For example, the pre-recorded assets 222 can lack pitch, power,
and/or duration values for a "g" after an "r" and before an "o."
Searching script 210 can result in the phrase "under God" being
found, which has the necessary acoustic characteristics that causes
the phrase "under God" to be added to the reduced script 230.
[0033] In another example, the phrase(s) "four score and" from
reference script 210 can include only phones-in-context which are
redundant to phones-in-context obtained from the pre-recorded
script 220. Thus, the pre-recorded assets 222 include ail assets
that would be generated from a script 210 phrase of "four score
and". Consequently, the phrase "four score and" would be omitted
from the reduced script 230 which results in a small amount of
savings in voice production costs. When a significant number of
phrases are omitted, the cumulative savings in production costs can
be substantial.
[0034] FIG. 3, which is formed from FIGS. 3A and 3B, is a flow
chart of a method 300 for constructing reduced script in accordance
with an embodiment of the inventive arrangements disclosed herein.

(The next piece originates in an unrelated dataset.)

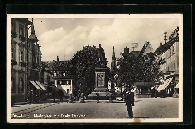 AK Offenburg, Marktplatz m. Blick z. Drake-Denkmal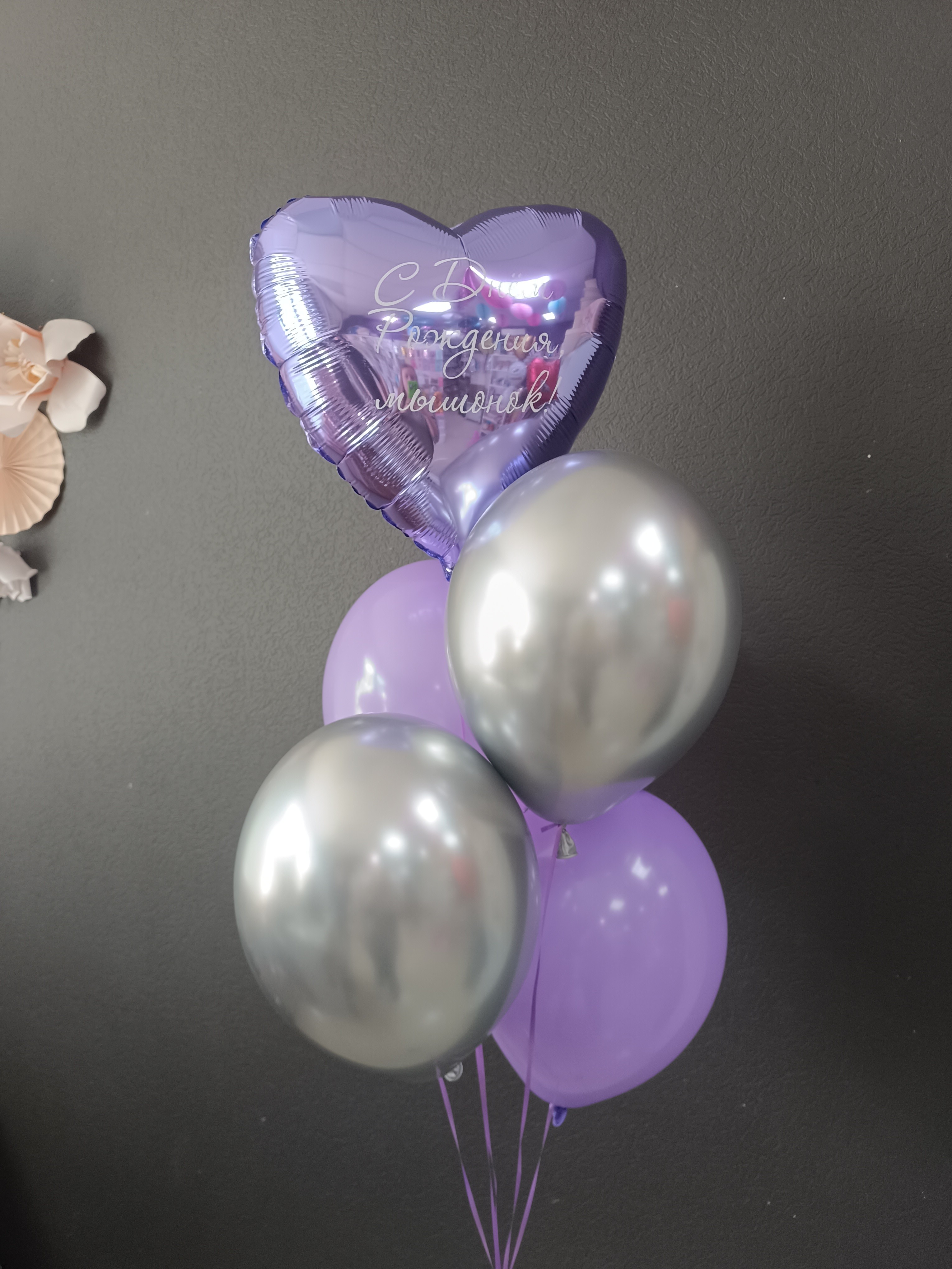Композиция из гелиевых шаров с сердечком с надписью для девочки, девушки

Method 300 can be performed in a context of the system 100 or any
similar system.
[0035] Method 300 can begin in step 305 where pre-recorded audio
can be decomposed into a set of pre-recorded phrases. Step 310 can
get a first one of these phrases. In step 315, a determination can
be made as to whether the current phrase is different from a
previously processed one. This step is performed to minimize
unnecessary processing since the pre-recorded corpus is not
specifically generated to create a concatenative TTS voice and
therefore likely includes many redundant phrases for purposes of
method 300. For example, the pre-recorded corpus can be a corpus
generated from recorded phrases used by a SUI. When the current
phrase contains phoneme characteristics of previously processed
phrases, it can be skipped and the method can loop from step 315 to
step 305, where a next pre-recorded phrase can be processed.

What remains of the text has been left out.